Ce que j’ai aimé par-dessus tout, c’est la manière dont le jeu assume de se dérouler (en majeure partie) à Hawaï. Les membres de l’équipe ne débloqueront plus de nouveaux jobs en changeant de métier, mais bel et bien en faisant des activités de vacances, sur le sol étranger. Cela amène des jobs inédits assez loufoques, mais aussi d’autres qui taquinent à la fois les asiatiques et les américains. Infinite Wealth tire son épingle du jeu au niveau du contenu annexe, qui rend les villes particulièrement plaisantes à parcourir. Les mini-jeux sont si nombreux et ingénieux que vous trouverez forcément votre bonheur. Les quêtes secondaires les plus vastes et ambitieuses incarnent des parodies parfaites de Pokémon et d’Animal Crossing. Le concept de Sujimon a pris beaucoup d’ampleur. Il ne suffit plus de les affronter et de les collectionner. On peut notamment les attraper, fonder sa propre équipe et mener des combats d’arène, afin de devenir champion. Il est aussi gênant qu’hilarant de se mettre à papouiller l’un de ses Sujimon, dans le but de gagner son affection. Une pensée pour le mini-jeu consistant à prendre des photos de personnages louches, lors des trajets en tramway. Celui-ci m’a beaucoup fait penser à New Pokémon Snap. Cependant, la quête annexe la plus addictive est sans nulle doute celle de Dondoko Island. Kasuga a pour mission de nettoyer une île, puis de débloquer ses différentes zones, avant de faire venir des invité(e)s. Pour engendrer plus d’argent, il convient de meubler l’île avec des décorations et bâtiments que l’on peut acheter ou construire. Le jeu n’a presque rien à envier à Animal Crossing, ce qui démontre toute l’ambition et la générosité d’Infinite Wealth. Vous passerez probablement des heures sur ce jeu de gestion, d’autant plus qu’il permet de remporter beaucoup d’argent. Cela soit dit en passant, je me demande si la tortue qui se trouve à Dondoko Island n’est pas une allusion à celle de Tortue Géniale, dans Dragon Ball. Ainsi, même si la suite de Like a Dragon semble plus sérieuse et profonde, grâce à l’arrivée de Kiryu, elle ne renonce pas à sa part de parodie et d’émerveillement. Le jeu, aussi long soit-il, est un véritable plaisir à parcourir.
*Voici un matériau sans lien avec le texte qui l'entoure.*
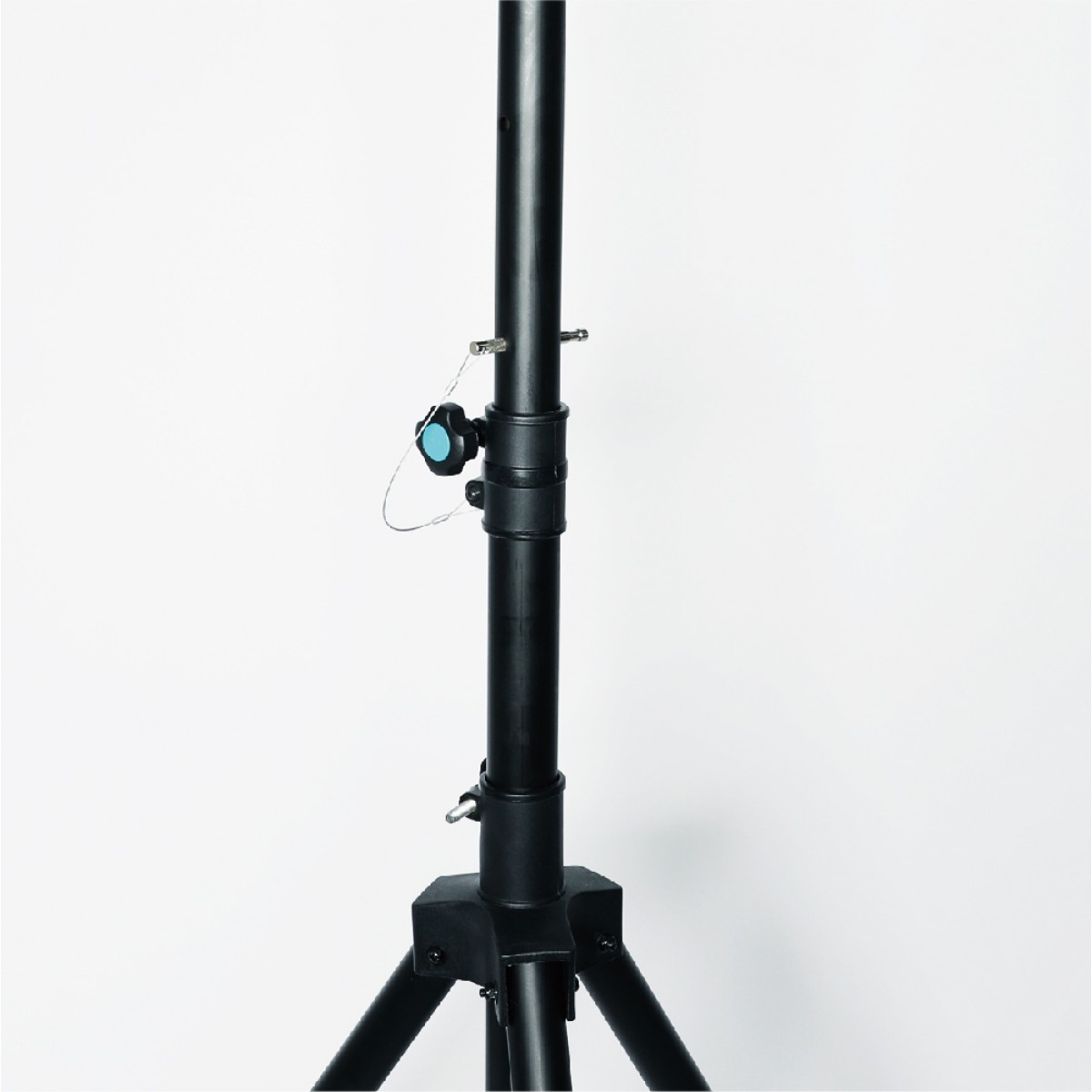 Регулируемая высота: Высота штатива регулируется в диапазоне от 1,46 м до 2,2 м, что позволяет настроить оптимальную высоту освещения для разных задач, от напольных работ до освещения потолков.

J’ai trouvé cette suite moins difficile que Like a Dragon. En dehors des statistiques de personnalité de Kasuga, ou du niveau 70 à atteindre, le Platine se fait tout seul, pour peu qu’on se plaise à parcourir le jeu en détails. Je regrette que les boss secrets ne soient pas plus coriaces, car faire gagner de l’expérience à Ichiban s’avère assez longuet, pour les derniers niveaux. Mais c’est peut-être aussi une invitation à lancer une nouvelle partie +, proposant des défis plus corsés et un donjon supplémentaire.

Somme toute, j’ai pris énormément de plaisir à parcourir Like a Dragon : Infinite Wealth. Le jeu reste dans la continuité de son prédécesseur, tout en renouant avec les premiers titres de la saga. Le duo Kasuga/Kiryu est juste parfait, dans ce qu’il raconte au niveau de l’histoire, mais aussi dans ce qu’il apporte en terme de gameplay. A mes yeux, le jeu brille particulièrement grâce à son contenu annexe d’une générosité et d’une richesse démentes. Infinite Wealth est, à certains égards, addictif. Je ne doute pas que les vacances passées sur Dondoko Island, hum, je veux dire à Hawaï, me manqueront.